Segment Start: PROVIDED ENTRIES

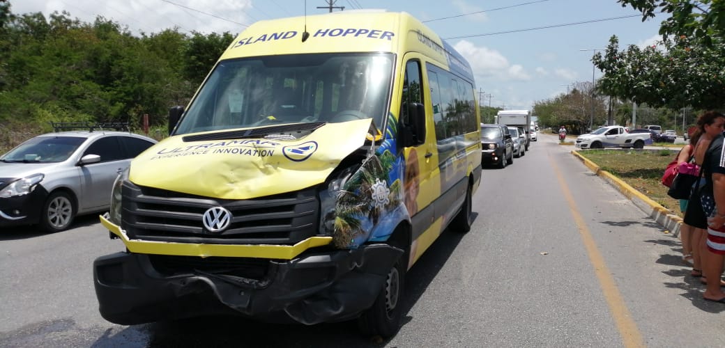Playa del Carmen.- Una van de Ultramar que llevaba a turistas al muelle para cruzar a Cozumel se estrelló por detrás contra un automóvil particular, quedando dos personas lesionadas. Pasajeros aseguran que el chofer venía texteando por el celular y no vio al vehículo detenido adelante.
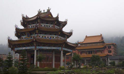 其中佛教区为重点建设区域,在中心主轴线区域内主要布置有:牌楼(山门)、天王殿、大雄宝殿、法堂、圆通殿、念佛堂、钟鼓楼(地藏殿、伽蓝殿)、迎寿殿、祖师殿等建筑;两侧布置有尊客堂、云水堂、居士楼、福德素斋、五观堂、僧舍等建筑。
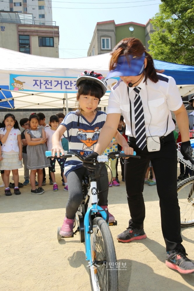 지난 22일 서울 송파구 마천초등학교에서 열린 '2015 찾아가는 어린이 안전체험캠프'에 참가한 학생들이 자전거안전 체험 실습을 하고 있다. (사진제공=송파구청)
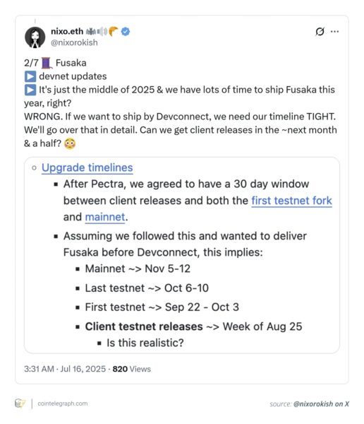 As part of the chain’s 2025 roadmap, Fusaka emphasizes Ethereum scalability updates and node health rather than user-facing features.
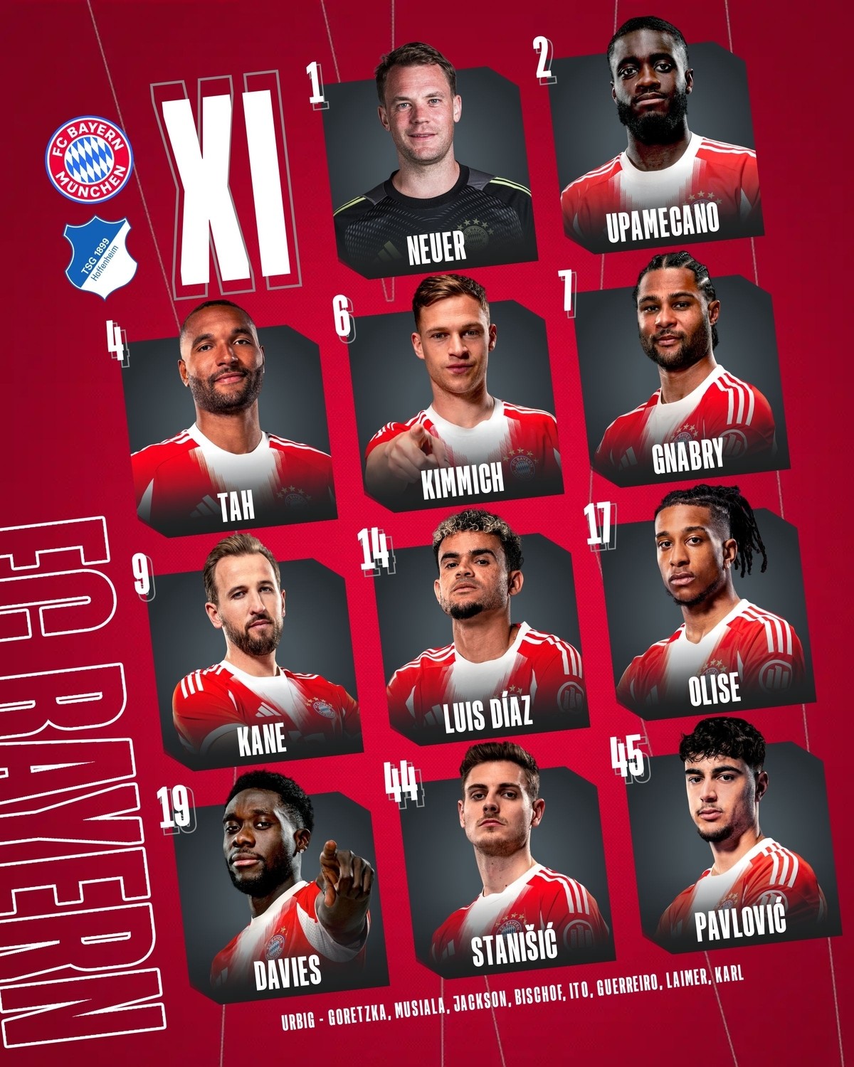 拜仁首发:1-诺伊尔、19-阿方索-戴维斯、2-于帕梅卡诺、4-约纳坦-塔、44-斯塔尼希奇、6-基米希、45-帕夫洛维奇、7-格纳布里14-迪亚斯、17-奥利塞、9-凯恩
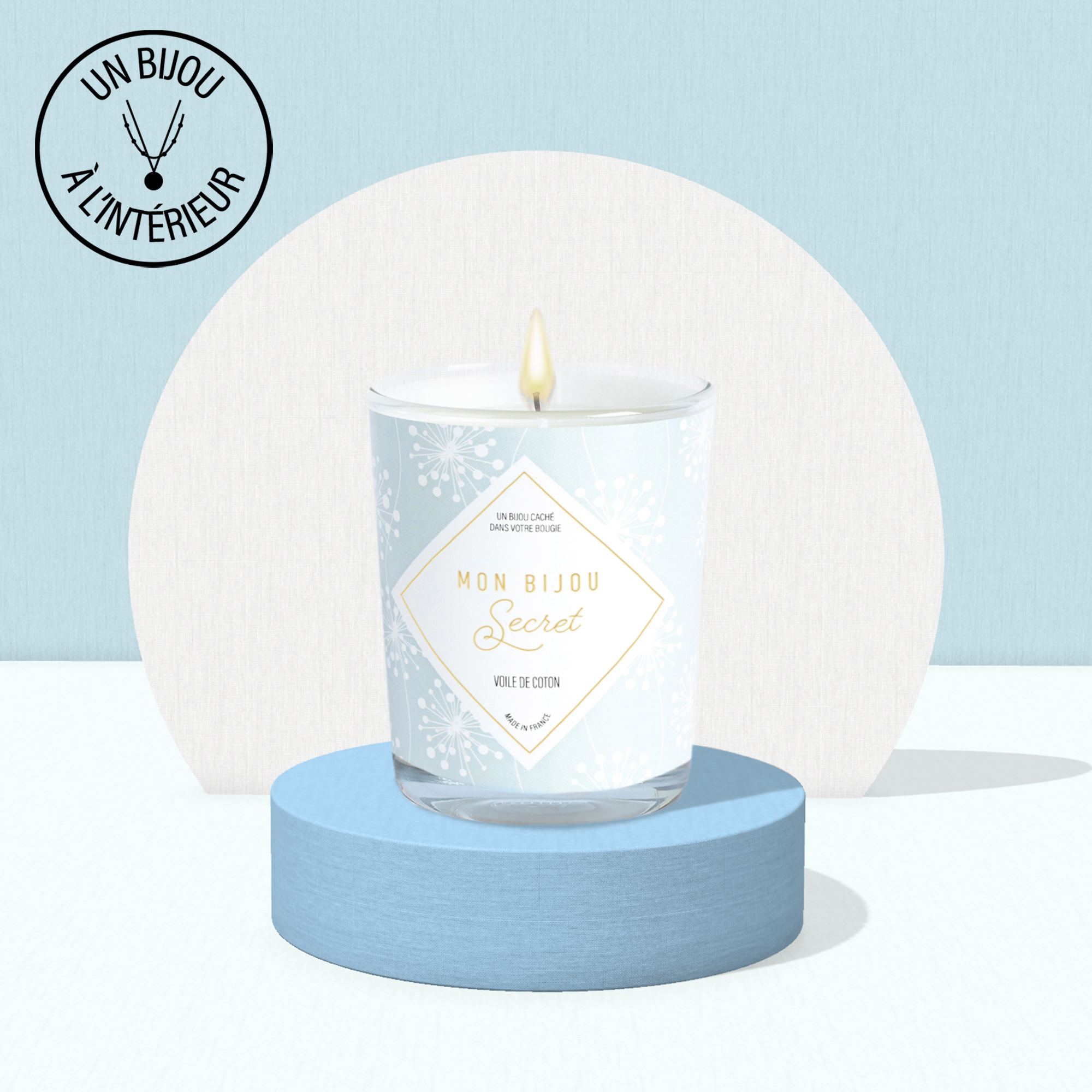 | Plus produit | Cire 100% végétale, parfums naturels de Grasse de très grande qualité, un bijou fantaisie de la catégorie choisie est caché dans votre bougie. Cadeau à forte expérience sensorielle et émotionnelle |
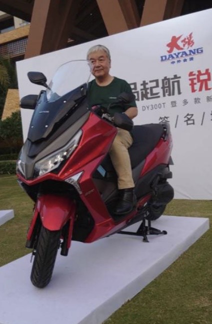※新作バイクの発表会で、自身が開発したバイクで、現地マスコミから取材を受ける神戸啓文会長
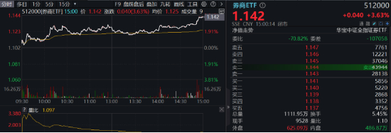A股顶流券商ETF(512000)高开高走,尾盘出现明显的放量上扬,场内价格收涨3.63%,全天成交额12.51亿元,环比放量。
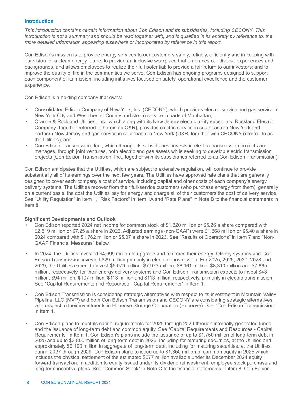 Introduction This introduction contains certain information about Con Edison and its subsidiaries, including CECONY. This introduction is not a summary and should be read together with, and is qualified in its entirety by reference to, the more detailed information appearing elsewhere or incorporated by reference in this report. Con Edison’s mission is to provide energy services to our customers safely, reliably, efficiently and in keeping with our vision for a clean energy future; to provide an inclusive workplace that embraces our diverse experiences and backgrounds, and allows employees to realize their full potential; to provide a fair return to our investors; and to improve the quality of life in the communities we serve. Con Edison has ongoing programs designed to support each component of its mission, including initiatives focused on safety, operational excellence and the customer experience. Con Edison is a holding company that owns: • Consolidated Edison Company of New York, Inc. (CECONY), which provides electric service and gas service in New York City and Westchester County and steam service in parts of Manhattan; • Orange & Rockland Utilities, Inc., which along with its New Jersey electric utility subsidiary, Rockland Electric Company (together referred to herein as O&R), provides electric service in southeastern New York and northern New Jersey and gas service in southeastern New York (O&R, together with CECONY referred to as the Utilities); and • Con Edison Transmission, Inc., which through its subsidiaries, invests in electric transmission projects and manages, through joint ventures, both electric and gas assets while seeking to develop electric transmission projects (Con Edison Transmission, Inc., together with its subsidiaries referred to as Con Edison Transmission). Con Edison anticipates that the Utilities, which are subject to extensive regulation, will continue to provide substantially all of its earnings over the next few years. The Utilities have approved rate plans that are generally designed to cover each company’s cost of service, including capital and other costs of each company’s energy delivery systems. The Utilities recover from their full-service customers (who purchase energy from them), generally on a current basis, the cost the Utilities pay for energy and charge all of their customers the cost of delivery service. See "Utility Regulation" in Item 1, "Risk Factors" in Item 1A and "Rate Plans" in Note B to the financial statements in Item 8. Significant Developments and Outlook • Con Edison reported 2024 net income for common stock of $1,820 million or $5.26 a share compared with $2,519 million or $7.25 a share in 2023. Adjusted earnings (non-GAAP) were $1,868 million or $5.40 a share in 2024 compared with $1,762 million or $5.07 a share in 2023. See “Results of Operations” in Item 7 and “Non- GAAP Financial Measures” below. • In 2024, the Utilities invested $4,699 million to upgrade and reinforce their energy delivery systems and Con Edison Transmission invested $29 million primarily in electric transmission. For 2025, 2026, 2027, 2028 and 2029, the Utilities expect to invest $5,079 million, $7,973 million, $8,161 million, $8,310 million and $7,665 million, respectively, for their energy delivery systems and Con Edison Transmission expects to invest $43 million, $94 million, $107 million, $113 million and $113 million, respectively, primarily in electric transmission. See "Capital Requirements and Resources - Capital Requirements" in Item 1. • Con Edison Transmission is considering strategic alternatives with respect to its investment in Mountain Valley Pipeline, LLC (MVP) and both Con Edison Transmission and CECONY are considering strategic alternatives with respect to their investments in Honeoye Storage Corporation (Honeoye). See “Con Edison Transmission” in Item 1. • Con Edison plans to meet its capital requirements for 2025 through 2029 through internally-generated funds and the issuance of long-term debt and common equity. See “Capital Requirements and Resources - Capital Requirements” in Item 1. Con Edison's plans include the issuance of up to $1,750 million of long-term debt in 2025 and up to $3,800 million of long-term debt in 2026, including for maturing securities, at the Utilities and approximately $9,100 million in aggregate of long-term debt, including for maturing securities, at the Utilities during 2027 through 2029. Con Edison plans to issue up to $1,350 million of common equity in 2025 which includes the physical settlement of the estimated $677 million available under its December 2024 equity forward transaction, in addition to equity issued under its dividend reinvestment, employee stock purchase and long-term incentive plans. See “Common Stock” in Note C to the financial statements in item 8. Con Edison 8 CON EDISON ANNUAL REPORT 2024

Segment End: PROVIDED ENTRIES

Output the data exactly. Pictures don't belong in the result.

Playa del Carmen.- Una van de Ultramar que llevaba a turistas al muelle para cruzar a Cozumel se estrelló por detrás contra un automóvil particular, quedando dos personas lesionadas. Pasajeros aseguran que el chofer venía texteando por el celular y no vio al vehículo detenido adelante.
 其中佛教区为重点建设区域,在中心主轴线区域内主要布置有:牌楼(山门)、天王殿、大雄宝殿、法堂、圆通殿、念佛堂、钟鼓楼(地藏殿、伽蓝殿)、迎寿殿、祖师殿等建筑;两侧布置有尊客堂、云水堂、居士楼、福德素斋、五观堂、僧舍等建筑。
 지난 22일 서울 송파구 마천초등학교에서 열린 '2015 찾아가는 어린이 안전체험캠프'에 참가한 학생들이 자전거안전 체험 실습을 하고 있다. (사진제공=송파구청)
 As part of the chain’s 2025 roadmap, Fusaka emphasizes Ethereum scalability updates and node health rather than user-facing features.
 拜仁首发:1-诺伊尔、19-阿方索-戴维斯、2-于帕梅卡诺、4-约纳坦-塔、44-斯塔尼希奇、6-基米希、45-帕夫洛维奇、7-格纳布里14-迪亚斯、17-奥利塞、9-凯恩
 | Plus produit | Cire 100% végétale, parfums naturels de Grasse de très grande qualité, un bijou fantaisie de la catégorie choisie est caché dans votre bougie. Cadeau à forte expérience sensorielle et émotionnelle |
※新作バイクの発表会で、自身が開発したバイクで、現地マスコミから取材を受ける神戸啓文会長
A股顶流券商ETF(512000)高开高走,尾盘出现明显的放量上扬,场内价格收涨3.63%,全天成交额12.51亿元,环比放量。
 Introduction This introduction contains certain information about Con Edison and its subsidiaries, including CECONY. This introduction is not a summary and should be read together with, and is qualified in its entirety by reference to, the more detailed information appearing elsewhere or incorporated by reference in this report. Con Edison’s mission is to provide energy services to our customers safely, reliably, efficiently and in keeping with our vision for a clean energy future; to provide an inclusive workplace that embraces our diverse experiences and backgrounds, and allows employees to realize their full potential; to provide a fair return to our investors; and to improve the quality of life in the communities we serve. Con Edison has ongoing programs designed to support each component of its mission, including initiatives focused on safety, operational excellence and the customer experience. Con Edison is a holding company that owns: • Consolidated Edison Company of New York, Inc. (CECONY), which provides electric service and gas service in New York City and Westchester County and steam service in parts of Manhattan; • Orange & Rockland Utilities, Inc., which along with its New Jersey electric utility subsidiary, Rockland Electric Company (together referred to herein as O&R), provides electric service in southeastern New York and northern New Jersey and gas service in southeastern New York (O&R, together with CECONY referred to as the Utilities); and • Con Edison Transmission, Inc., which through its subsidiaries, invests in electric transmission projects and manages, through joint ventures, both electric and gas assets while seeking to develop electric transmission projects (Con Edison Transmission, Inc., together with its subsidiaries referred to as Con Edison Transmission). Con Edison anticipates that the Utilities, which are subject to extensive regulation, will continue to provide substantially all of its earnings over the next few years. The Utilities have approved rate plans that are generally designed to cover each company’s cost of service, including capital and other costs of each company’s energy delivery systems. The Utilities recover from their full-service customers (who purchase energy from them), generally on a current basis, the cost the Utilities pay for energy and charge all of their customers the cost of delivery service. See "Utility Regulation" in Item 1, "Risk Factors" in Item 1A and "Rate Plans" in Note B to the financial statements in Item 8. Significant Developments and Outlook • Con Edison reported 2024 net income for common stock of $1,820 million or $5.26 a share compared with $2,519 million or $7.25 a share in 2023. Adjusted earnings (non-GAAP) were $1,868 million or $5.40 a share in 2024 compared with $1,762 million or $5.07 a share in 2023. See “Results of Operations” in Item 7 and “Non- GAAP Financial Measures” below. • In 2024, the Utilities invested $4,699 million to upgrade and reinforce their energy delivery systems and Con Edison Transmission invested $29 million primarily in electric transmission. For 2025, 2026, 2027, 2028 and 2029, the Utilities expect to invest $5,079 million, $7,973 million, $8,161 million, $8,310 million and $7,665 million, respectively, for their energy delivery systems and Con Edison Transmission expects to invest $43 million, $94 million, $107 million, $113 million and $113 million, respectively, primarily in electric transmission. See "Capital Requirements and Resources - Capital Requirements" in Item 1. • Con Edison Transmission is considering strategic alternatives with respect to its investment in Mountain Valley Pipeline, LLC (MVP) and both Con Edison Transmission and CECONY are considering strategic alternatives with respect to their investments in Honeoye Storage Corporation (Honeoye). See “Con Edison Transmission” in Item 1. • Con Edison plans to meet its capital requirements for 2025 through 2029 through internally-generated funds and the issuance of long-term debt and common equity. See “Capital Requirements and Resources - Capital Requirements” in Item 1. Con Edison's plans include the issuance of up to $1,750 million of long-term debt in 2025 and up to $3,800 million of long-term debt in 2026, including for maturing securities, at the Utilities and approximately $9,100 million in aggregate of long-term debt, including for maturing securities, at the Utilities during 2027 through 2029. Con Edison plans to issue up to $1,350 million of common equity in 2025 which includes the physical settlement of the estimated $677 million available under its December 2024 equity forward transaction, in addition to equity issued under its dividend reinvestment, employee stock purchase and long-term incentive plans. See “Common Stock” in Note C to the financial statements in item 8. Con Edison 8 CON EDISON ANNUAL REPORT 2024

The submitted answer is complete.